Uncoupling protein-3 (UCP3) is a poorly understood mitochondrial inner membrane protein expressed predominantly in skeletal muscle. The aim of this study was to examine the effects of the absence or constitutive physiological overexpression of UCP3 on whole body energy metabolism, glucose tolerance, and muscle triglyceride content. Congenic male UCP3 knockout mice ( Ucp3 −/−), wild-type, and transgenic UCP3 overexpressing (UCP3Tg) mice were fed a 10% fat diet for 4 or 8 mo after they were weaned. UCP3Tg mice had lower body weights and were less metabolically efficient than wild-type or Ucp3 −/− mice, but they were not hyperphagic. UCP3Tg mice had smaller epididymal white adipose tissue and brown adipose tissue (BAT) depots; however, there were no differences in muscle weights.

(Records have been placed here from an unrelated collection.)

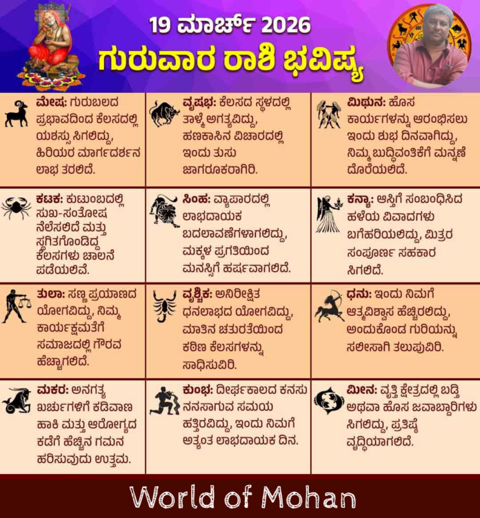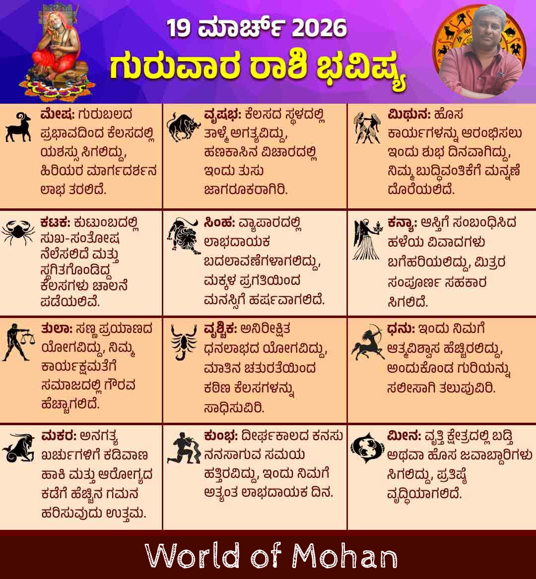HomeUncategorizedDaily Horoscope Uncategorized Daily Horoscope By World of Mohan March 19, 2026 0 14 Share FacebookTwitterPinterestWhatsApp Daily Horoscope Share FacebookTwitterPinterestWhatsApp LEAVE A REPLY Cancel reply Comment: Please enter your comment! Name:* Please enter your name here Email:* You have entered an incorrect email address! Please enter your email address here Website: Save my name, email, and website in this browser for the next time I comment. Previous articleThank you farmers 💚Next articleHappy Yugadi to All readers..❤️ World of Mohanhttps://worldofmohan.com RELATED ARTICLES Uncategorized Jumma Mubarak April 17, 2026 Uncategorized Bridge to Bangalore.. April 17, 2026 Uncategorized We the people… April 17, 2026 - Advertisment - Most Popular Jumma Mubarak April 17, 2026 Bridge to Bangalore.. April 17, 2026 We the people… April 17, 2026 Happy birthday Charlie Chaplin.. April 16, 2026 Load more Recent Comments Likith Raj V on 8th Anniversary.. 💞🌹💙 Likith Raj Kumar on 8th Anniversary.. 💞🌹💙 Danielle3925 on Happy birthday.. Anna Bond 💓 Ron1988 on Good luck.. On Akshya Tritiya.. ✌ Jacob4213 on Happy birthday.. Anna Bond 💓 Adalyn4924 on Happy birthday.. Anna Bond 💓 Gilbert3701 on Happy birthday.. Anna Bond 💓 Marissa4899 on Good luck.. On Akshya Tritiya.. ✌ Charlotte597 on Good luck.. On Akshya Tritiya.. ✌ Adria4785 on RCB LANDMARK VICTORY.. 🌹 Logan531 on Happy birthday.. Anna Bond 💓 Jean2583 on The Balance of Nature Camila1434 on Happy birthday.. Anna Bond 💓 Luky on ADVANCED VERSION OF THE WORLD OF MOHAN IS LIVE..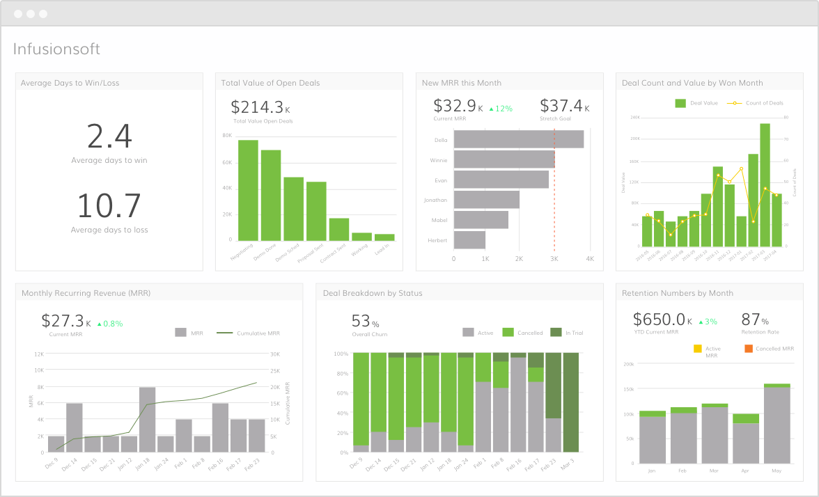 Infusionsoft, più che essere solo una piattaforma di marketing automation con molte funzionalità avanzate, è un vero e proprio CRM multifunzione in grado di gestire anche l’automatizzazione delle vendite e integrabile con molte altre applicazioni per semplificare l’intero processo aziendale. Viene ritenuto tra i più validi software per la gestione di funnel avanzati che consentono di gestire all’interno della stessa piattaforma il marketing automatizzato, il flusso commerciale di lavorazione, la transazione di servizi e prodotti.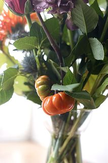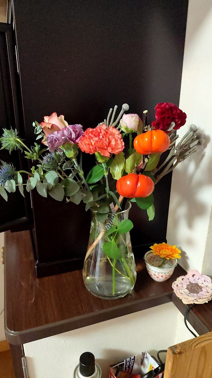カラフルな秋色ブーケで可愛い! パンプキンツリー?の実が重過ぎて枝が剥け折れていましたが、ゴムでとめて様子を見ています。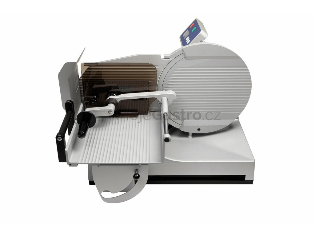 Profesionální nářezové stroje Graef linie MASTER CERA3 v hliníkovém provedení se speciálním keramickým nepřilnavým povrchem CERA3 (kompletní opláštění včetně vozíku a nože). Všechny komponenty lze snadno demontovat bez nutnosti použití speciálního nářadí. Pohon stroje je zajišťován šnekovým převodem s výkonným bezúdržbovým vzduchem chlazeným motorem. Ke stroji je dodáváno speciální výkonné brusné zařízení. Přesné nastavení síly řezu a uchycení produktu na vozíku s odlehčeným pojezdem pro velice snadné krájení. Bezpečné voděodolné piezzo ovládání s odolnými spínači. Podstava stroje je vybavena protiskluzovou gumou zamezující nechtěnému pohybu stroje a usazování nečistot pod zařízení.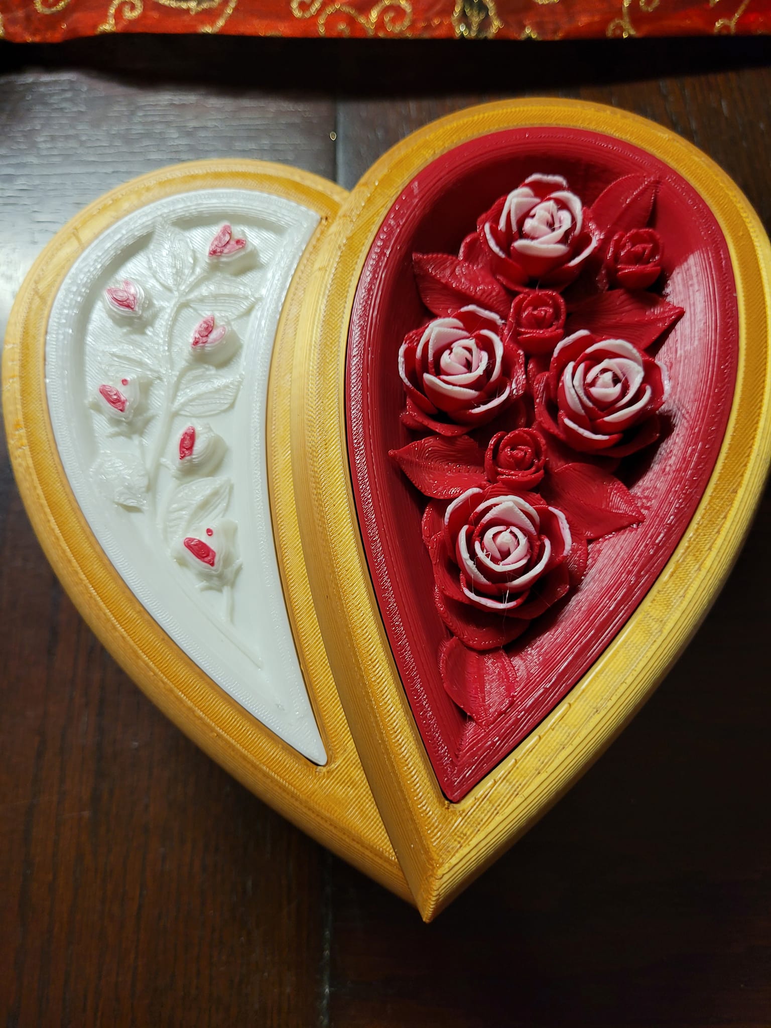 Heart-Shaped Jewelry Box with two inside trays and a lid.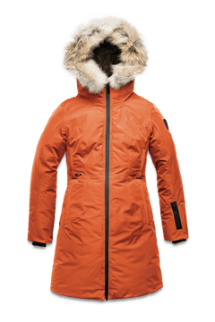 This parka, crafted from premium 3-ply micro denier fabric and Canadian Origin White Duck Down, offers ultimate insulation. Featuring a non-removable down-filled hood with a removable coyote fur ruff, it adapts to varied conditions. With an Embrace membrane, seam-sealed construction, and telescopic sleeve lining, this jacket is windproof, waterproof, and breathable. Designed in Canada and machine washable for easy care.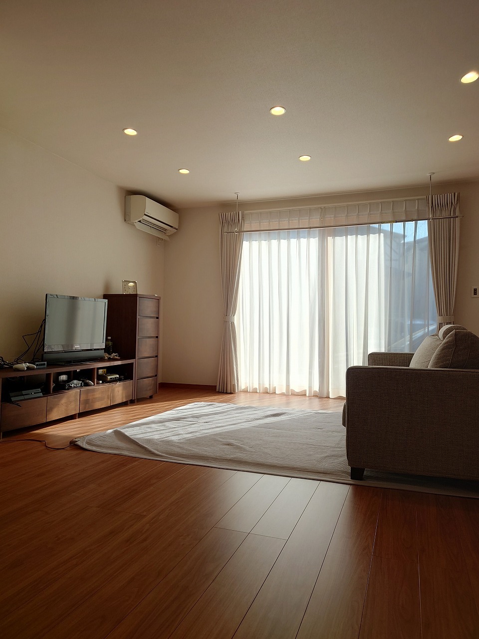 あたたかな日差しが降り注ぐ居心地の良いリビング。自然と会話が弾む設計は、住む人に笑顔を届けたいという想いが込められています。

Glucose and insulin tolerance tests revealed that both UCP3Tg and Ucp3 −/− mice were protected from development of impaired glucose tolerance and were more sensitive to insulin. 2-Deoxy-d-[1-3H]glucose tracer studies showed increased uptake of glucose into BAT and increased storage of liver glycogen in Ucp3 −/− mice. Assessments of intramuscular triglyceride (IMTG) revealed decreases in quadriceps of UCP3Tg mice compared with wild-type and Ucp3 −/− mice. When challenged with a 45% fat diet, Ucp3 −/− mice showed increased accumulation of IMTG compared with wild-type mice, which in turn had greater IMTG than UCP3Tg mice. Results are consistent with a role for UCP3 in preventing accumulation of triglyceride in both adipose tissue and muscle.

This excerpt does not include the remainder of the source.